The  was the principal manufacturer of gunpowder, explosives, ammunition and artillery shells for the Imperial Japanese Navy.  It was located in the town of Ōno (now part of the city of Hiratsuka), Kanagawa Prefecture, Japan.

History
The Hiratsuka Naval Ammunitions Arsenal was initially established as a private joint venture enterprise by the foreign firms of Armstrong Whitworth, Nobel, and Vickers in September 1905. All three companies were very active in the supply of weaponry for warships to the early Imperial Japanese Navy. The plant was purchased by the Navy in April 1919 and came under the operational control of the Imperial Japanese Navy Technical Department. Its facilities were greatly expanded from 1939-1941 due to the military buildup before the start of the Pacific War.

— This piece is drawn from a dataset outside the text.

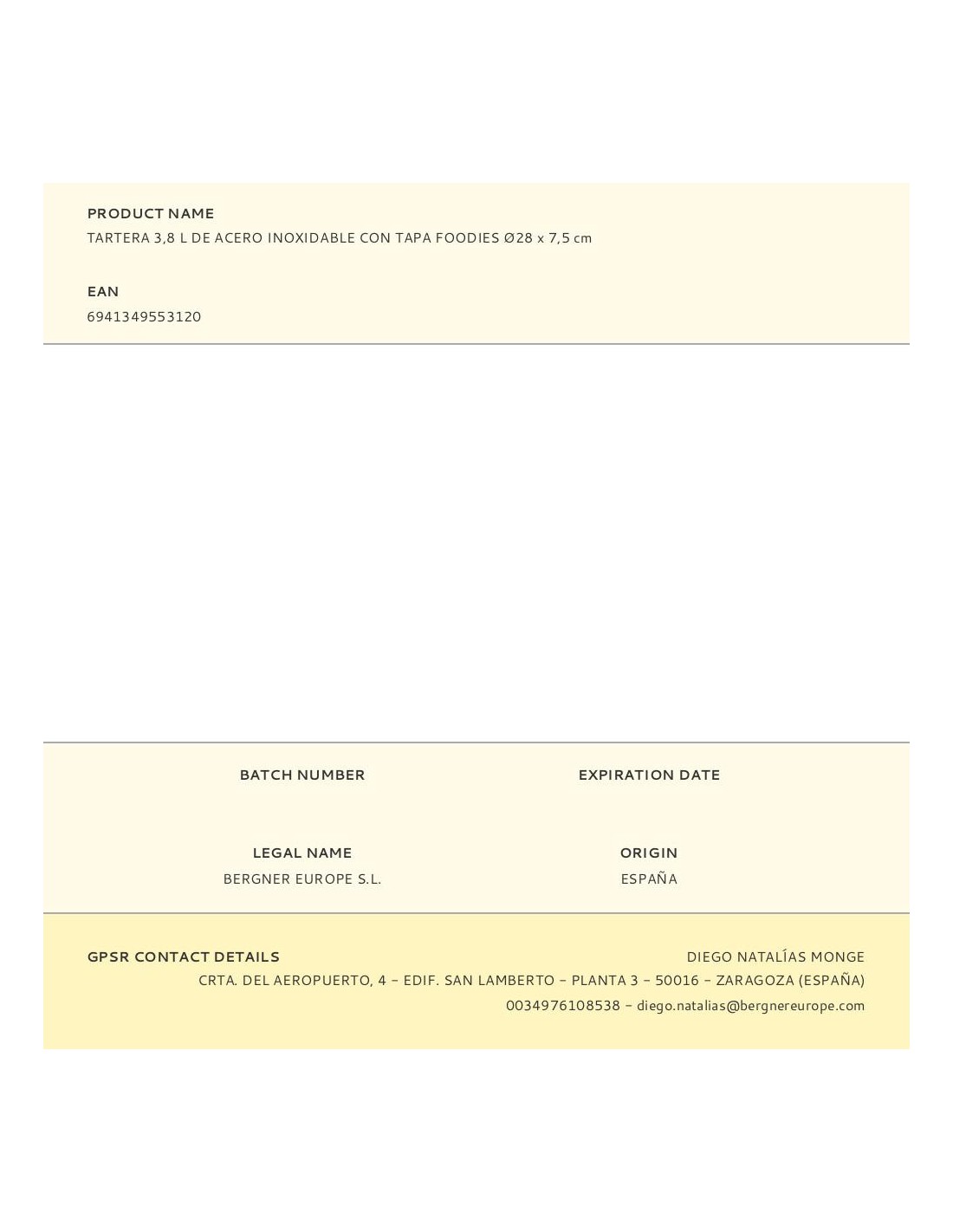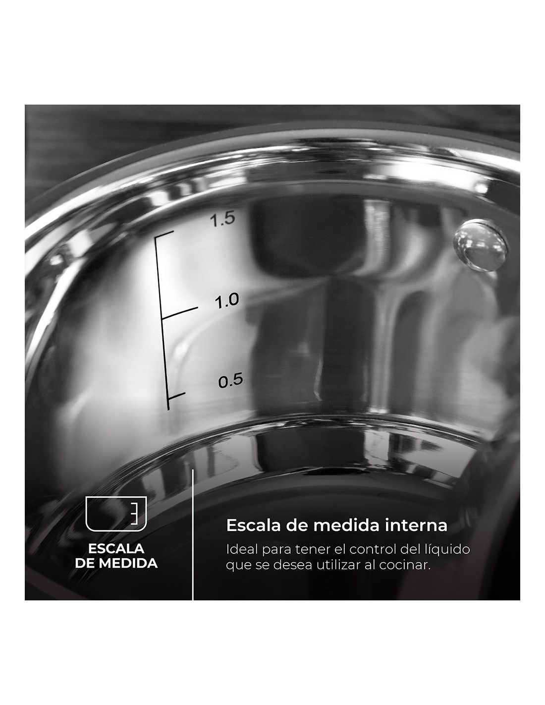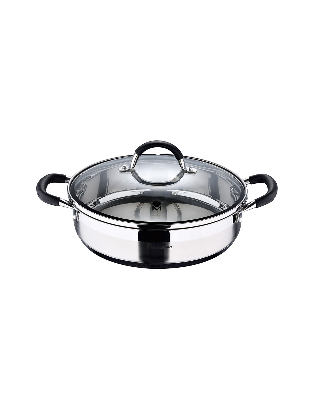 Tartera ø28x7,5cm 3,8l acero inoxidable con tapa foodies bgmp-1503-bk masterpro. esta cacerola ø28x7,5cm con capacidad de 3.8l. olla fabricada en acero inoxidable 18/10 que incluye una base ferromagnética de inducción completa. gracias a sus asas profesionales con inserciones de silicona, que se mantienen siempre frescas mientras se cocina, además ofrece un agarre perfecto y agradable sensación al tacto. cuenta con un fondo de inducción que la hace apta para todo tipo de cocinas.

The facilities consisted of seven plants:
	Smokeless powder for rockets and artillery
	Nitrocellulose and mixed acids production
	Various acids and hydrogen production
	Design and Engineering, prototype development
	Machine gun ammunition production, solvent recovery
	Naval artillery shells
	Nitroglycerin production

On the night of July 16, 1945, the facilities were attacked by 138 B-29 Superfortress bombers of the USAAF 20th Air Force, 314th Bombardment Wing which dropped a total of 1163 tons of incendiary bombs on the city, destroying most of the city center. Only 5% of the capacity of the Imperial Japanese Navy Ammunition Arsenal was affected, as the bombing was concentrated on Hiratsuka's civilian population center, rather than the military industries located on the outskirts of town.  However, production was almost non-existent by July 1945 due to a lack of raw materials. The plant ceased operation with the surrender of Japan in August 1945 and was officially closed on November 30, 1945. The facilities were occupied by American troops until the end of 1950.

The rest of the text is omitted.